| GORGER, verbe trans. A. − Qqn gorge qqn de qqc. 1. [Le compl. prép. de désigne un aliment; le compl. d'obj. une pers. ou un animal] Faire manger, boire à profusion, avec excès. Le 8 juillet, vers le soir, Bogun gorge d'eau-de-vie les paysans, les enflamme par ses discours et les lance furieux sur les batteries des Polonais (Mérimée, Cosaques d'autrefois,1865, p. 189).Il achetait, de ses propres deniers, des joujoux pour ses meilleurs élèves (...) il leur faisait faire des dînettes, les gorgeant de friandises, de sucreries et de gâteaux (Maupass., Contes et nouv., t. 2, Moiron, 1887, p. 1144). ♦ [P. ell. du compl. prép. de] Synon. de rassasier.Il gorgera les foules. On s'endormira sur les portes, l'estomac plein jusqu'aux dents (Flaub., Tentation,1856, p. 645). ♦ En partic. Synon. de gaver.On achevait de les gorger [les oies] et on m'a servi le premier foie gras de la saison (Pesquidoux, Chez nous,1921, p. 41). − Emploi pronom. réfl. Manger à profusion, avec excès. Synon. fam. se bourrer, s'empiffrer de (qqc.).Les riches du jour se gorgent de friandises (Baudel., Salon,1846, p. 174).Nous avons été dîner dans un petit restaurant où je me gorgeai sans scrupule de viande rouge et de choux à la crème (Beauvoir, Mandarins,1954, p. 68). ♦ [P. ell. du compl. prép. de] Dans le Voyage de Chapelle et Bachaumont, on mange beaucoup (...) on se gorge, on s'empiffre, ce sont les termes, et c'est le plaisir; la gourmandise rabelaisienne s'y montre dans tout son plein (Sainte-Beuve, Caus. lundi, t. 11, 1856, p. 46). 2. P. anal. et au fig. [Avec un compl. prép. de] Pourvoir à profusion (quelqu'un) de (quelque chose). Synon. combler.Le luxe de Napoléon et sa magnificence durent le faire paraître un roi d'Asie : là, comme à Tilsitt, il gorgea de diamants tous ceux qui l'approchèrent (Las Cases, Mémor.

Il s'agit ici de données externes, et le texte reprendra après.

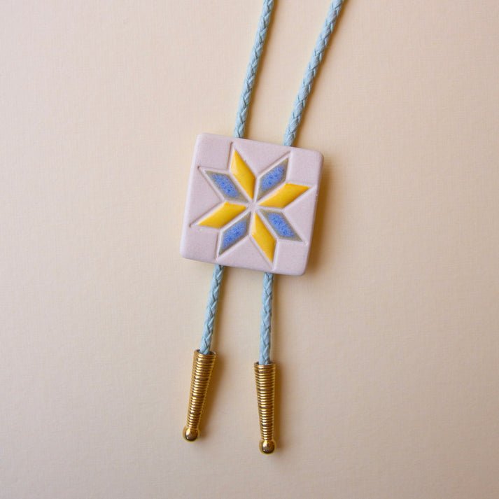 Meghan MacWhirter Quilt Square Bolo Tie (Yellow and Blue)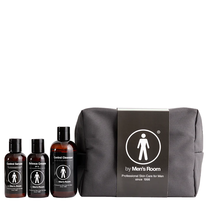 Det Stærke Sæt by Men’s Room er en behandlende og hudforbedrende trio: Step 1: Grundrensende vaskegele, Control Cleanser 237 ml. Step 2: Eksfolierende og hudforbedrende Control Serum 50 ml. (læs særlig vejledning) og Step 3: Beskyttende Defence Cream, 59 ml. der støtter hudens opheling. Spf.15.

Ste-Hélène, t. 1, 1823, p. 413).Je veux, quand je te reverrai, te couvrir d'amour, de voluptés, d'ivresse. Je veux te gorger de toutes les félicités de la chair, t'en rendre lasse, t'en faire mourir (Flaub., Corresp.,1846, p. 253) : 1. ... il est plaisant d'entendre nos historiens crier : « On nous ignore! on nous met à l'écart! » et cependant les éditeurs gorgent de « vies romancées », d'« indiscrétions de l'histoire », de « dessous » et de « révélations » frelatées un public avide d'être trompé.
L. Febvre, Combats pour hist., Entre Benda et Seignobos, 1933, p. 80. ♦ [P. ell. du compl. prép. de] Dieu seul avait le pouvoir de gorger ainsi une âme, de la faire déborder et ruisseler en des flots de joie (Huysmans, En route, t. 2, 1895, p. 213).Gorgée elle-même depuis cinq ans par les rabatteurs de la Compagnie, elle [la presse] ne cherche dans le scandale parlementaire qu'un alibi à son propre déshonneur (Bernanos, Gde peur,1931, p. 276). − Emploi pronom. réfl. Se pourvoir à profusion de (quelque chose), jouir à satiété de (quelque chose). Se gorger d'or, de connaissances, de volupté. Les voyages, les jouissances de l'art, la musique surtout dont il s'était gorgé, lui avaient été d'abord une diversion intermittente et passionnée (Rolland, J.-Chr., Nouv. journée, 1912, p. 1531) : 2. ... il était enveloppé de délices (...) il se gorgea de ces cheveux blonds [des soldats], de ces visages hâlés où les yeux semblaient des lacs de glacier, de ces tailles étroites, de ces cuisses incroyablement longues et musculeuses. Il murmura : « Comme ils sont beaux! » Il ne touchait plus terre...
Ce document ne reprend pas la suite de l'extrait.